At the same time, as you said, the decision is unique for each family, and I appreciate you sharing how you and Cameron made this decision for your family!
Cheers, Rachel
I knew there was something about your purview whenever you write about your family that sounded familiar...it is because you are a social worker! My husband is one, too. I have so much respect for this profession because social workers really know how to consider the whole person - what socio-economic factors play into the mind, the heart of men and women.
I appreciate your decision and the sense of guilt. I have spent all of 1.5 years in public school. That's it. The rest I have spent in private institutions. My teachers have almost always been amazing, my resources unmatched. I was a youth worker for the City of Boston for 2 years. My experiences were equally heartbreaking, and, at times, my heart was pricked knowing how much I had taken for granted. But enough about me...I'm really excited to hear more about your curriculum, your schedule, and how your children have become social creatures, hehehe, I think we know the answer to that, more or less - they have each other! :)
Leneita, Thanks for sharing your perspective. It is heartbreaking. Before I had children, and got married, my goal was to work in the inner city. I wanted to minister in Chicago. I guess God had other plans for me! :)
Rachel, it is nice to meet you. Jenn is great and I miss her greatly! Yes, I think that there are probably other places where the educational situation is better. Detroit is really one of the most drastic examples, isn't it?
Kendra, Can you really tell I am a social worker? I guess I am probably one of the most conservative social workers out there.
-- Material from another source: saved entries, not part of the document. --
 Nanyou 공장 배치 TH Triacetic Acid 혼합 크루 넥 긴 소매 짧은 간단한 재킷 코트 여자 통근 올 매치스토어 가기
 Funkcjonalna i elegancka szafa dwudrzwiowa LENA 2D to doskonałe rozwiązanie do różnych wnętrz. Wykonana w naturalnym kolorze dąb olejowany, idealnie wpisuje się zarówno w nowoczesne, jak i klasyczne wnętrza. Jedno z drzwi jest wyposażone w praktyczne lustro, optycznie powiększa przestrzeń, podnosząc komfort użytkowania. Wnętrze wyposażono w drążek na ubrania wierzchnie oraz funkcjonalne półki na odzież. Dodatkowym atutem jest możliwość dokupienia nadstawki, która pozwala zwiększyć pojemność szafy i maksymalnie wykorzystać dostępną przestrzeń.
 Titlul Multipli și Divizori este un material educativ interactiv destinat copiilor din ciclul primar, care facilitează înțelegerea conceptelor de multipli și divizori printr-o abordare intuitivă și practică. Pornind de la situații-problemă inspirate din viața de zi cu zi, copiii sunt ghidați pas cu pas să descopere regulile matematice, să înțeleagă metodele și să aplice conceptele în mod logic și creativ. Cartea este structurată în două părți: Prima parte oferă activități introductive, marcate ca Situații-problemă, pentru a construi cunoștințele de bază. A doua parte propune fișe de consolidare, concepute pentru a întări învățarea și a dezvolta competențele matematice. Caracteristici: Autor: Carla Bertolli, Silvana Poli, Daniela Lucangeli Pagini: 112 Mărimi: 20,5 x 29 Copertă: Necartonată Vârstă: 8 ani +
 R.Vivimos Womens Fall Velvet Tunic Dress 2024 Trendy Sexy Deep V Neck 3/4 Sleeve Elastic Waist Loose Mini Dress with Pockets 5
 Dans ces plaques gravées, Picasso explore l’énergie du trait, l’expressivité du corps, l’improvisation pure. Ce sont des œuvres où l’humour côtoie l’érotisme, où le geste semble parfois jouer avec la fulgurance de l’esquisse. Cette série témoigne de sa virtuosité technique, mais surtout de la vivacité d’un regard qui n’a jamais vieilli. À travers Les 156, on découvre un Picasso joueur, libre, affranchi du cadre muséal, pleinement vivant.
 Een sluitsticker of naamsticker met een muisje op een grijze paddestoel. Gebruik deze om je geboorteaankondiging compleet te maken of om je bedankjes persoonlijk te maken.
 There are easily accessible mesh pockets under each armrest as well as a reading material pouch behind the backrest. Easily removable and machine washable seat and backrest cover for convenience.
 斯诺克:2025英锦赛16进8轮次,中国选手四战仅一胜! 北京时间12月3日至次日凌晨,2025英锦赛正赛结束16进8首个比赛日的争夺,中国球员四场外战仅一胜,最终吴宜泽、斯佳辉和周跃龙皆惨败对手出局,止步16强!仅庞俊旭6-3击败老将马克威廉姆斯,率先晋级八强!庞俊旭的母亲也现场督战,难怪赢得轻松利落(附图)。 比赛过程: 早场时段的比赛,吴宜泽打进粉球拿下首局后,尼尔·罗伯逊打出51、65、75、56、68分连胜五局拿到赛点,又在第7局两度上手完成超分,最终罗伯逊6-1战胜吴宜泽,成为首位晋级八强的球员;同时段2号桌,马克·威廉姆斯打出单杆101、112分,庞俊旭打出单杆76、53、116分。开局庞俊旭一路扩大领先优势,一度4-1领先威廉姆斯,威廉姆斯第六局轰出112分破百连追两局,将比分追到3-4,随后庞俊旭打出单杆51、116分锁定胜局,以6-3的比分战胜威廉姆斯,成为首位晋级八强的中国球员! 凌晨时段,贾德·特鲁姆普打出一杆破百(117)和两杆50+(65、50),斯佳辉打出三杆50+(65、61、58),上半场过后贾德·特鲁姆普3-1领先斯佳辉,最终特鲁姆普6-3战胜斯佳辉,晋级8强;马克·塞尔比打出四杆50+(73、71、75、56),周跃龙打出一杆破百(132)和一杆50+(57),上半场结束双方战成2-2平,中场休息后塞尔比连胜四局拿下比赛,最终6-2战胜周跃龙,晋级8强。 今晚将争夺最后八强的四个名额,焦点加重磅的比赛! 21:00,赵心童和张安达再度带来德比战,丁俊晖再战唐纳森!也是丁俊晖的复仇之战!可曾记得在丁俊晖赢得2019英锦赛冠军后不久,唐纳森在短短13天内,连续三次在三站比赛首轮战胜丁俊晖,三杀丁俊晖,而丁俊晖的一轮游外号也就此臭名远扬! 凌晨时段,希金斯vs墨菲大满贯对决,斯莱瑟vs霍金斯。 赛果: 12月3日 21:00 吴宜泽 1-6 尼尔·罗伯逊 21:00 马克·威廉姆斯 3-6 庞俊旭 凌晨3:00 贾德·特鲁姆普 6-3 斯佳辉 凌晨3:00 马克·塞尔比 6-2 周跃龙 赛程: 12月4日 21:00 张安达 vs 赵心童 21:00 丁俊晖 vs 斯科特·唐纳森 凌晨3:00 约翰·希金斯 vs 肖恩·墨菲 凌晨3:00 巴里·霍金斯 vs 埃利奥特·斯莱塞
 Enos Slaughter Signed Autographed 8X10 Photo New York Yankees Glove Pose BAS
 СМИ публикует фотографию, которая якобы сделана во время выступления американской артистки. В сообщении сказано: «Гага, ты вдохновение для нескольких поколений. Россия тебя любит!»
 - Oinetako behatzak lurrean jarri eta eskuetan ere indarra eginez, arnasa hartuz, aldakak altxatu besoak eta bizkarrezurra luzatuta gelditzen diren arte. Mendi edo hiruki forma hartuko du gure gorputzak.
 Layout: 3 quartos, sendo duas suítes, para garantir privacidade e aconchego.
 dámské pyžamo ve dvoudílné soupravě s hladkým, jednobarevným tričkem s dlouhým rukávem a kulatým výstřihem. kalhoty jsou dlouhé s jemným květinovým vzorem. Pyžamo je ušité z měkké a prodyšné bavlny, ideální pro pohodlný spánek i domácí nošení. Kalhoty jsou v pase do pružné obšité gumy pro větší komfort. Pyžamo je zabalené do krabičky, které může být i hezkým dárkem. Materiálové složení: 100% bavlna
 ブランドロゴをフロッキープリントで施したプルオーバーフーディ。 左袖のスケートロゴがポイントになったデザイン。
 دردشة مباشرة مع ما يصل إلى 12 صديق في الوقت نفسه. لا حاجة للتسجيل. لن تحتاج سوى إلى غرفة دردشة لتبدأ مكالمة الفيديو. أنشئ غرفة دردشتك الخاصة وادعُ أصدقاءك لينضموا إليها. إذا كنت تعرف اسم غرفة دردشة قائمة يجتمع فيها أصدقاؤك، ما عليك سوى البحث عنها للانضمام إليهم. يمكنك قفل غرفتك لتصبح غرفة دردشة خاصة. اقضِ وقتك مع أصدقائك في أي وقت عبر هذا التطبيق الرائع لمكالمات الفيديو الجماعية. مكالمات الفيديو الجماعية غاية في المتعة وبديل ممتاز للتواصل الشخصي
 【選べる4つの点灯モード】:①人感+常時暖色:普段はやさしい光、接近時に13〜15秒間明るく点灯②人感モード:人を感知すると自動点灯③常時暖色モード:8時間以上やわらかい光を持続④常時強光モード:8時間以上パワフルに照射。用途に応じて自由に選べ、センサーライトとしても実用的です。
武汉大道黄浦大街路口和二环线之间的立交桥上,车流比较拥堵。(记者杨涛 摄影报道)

U of M was really liberal--I didn't exactly fit the typical social work mold. When they send me things to find out what I am up to now, I am sure they are shocked to hear that I am not using my degree out in the workforce, but staying home with 7 little ones! LOL
In Christ, Laura
This is fascinating. My husband is reading *there are no children here* for one of his classes right now. I can't wait to get my hands on it!
Looking forward to more...
Praise the Lord for what He has shown you and brother Cameron. Please continue to pray for Matt as we strive to minister to the urban community around the church. It's our desire to see God raise up a group of inner city kids and change their lives. I'm a product of what He can do.
My school system was horrible and I too have a story to share about that life. LOL
Which is why we too have decided to homeshool our children. (smile)
Zinnada<><
great post!
Since I've been out of touch with you for so long, it's great to hear how you came to your homeschooling decision. Like Rachel, I also wanted to comment on the situation of public schools in other places. While I totally agree about segregation, especially in regards to standardized tests, I must say I had a very positive experience with diversity when I taught in Houston. In fact, the last class I had was exactly 1/4 black, 1/4 white, 1/4 Hispanic, and 1/4 Asian. And I saw that my students who succeeded were the ones whose parents spent time with them at home, even just having daily conversations with them.
We also had tons more resources at the first school I taught at, which was predominantly black, because it was poorer. In that district, extra resources were given based on how many students qualified for free and reduced lunches. The second school I taught at had less children on free and reduced lunches, so we didn't get the extra resources for things like remedial math and reading help.
Schooling systems around the world are obviously very interesting to me. And it's such a blessing for so many people in America to have different options. I look forward to hearing more about how you homeschool.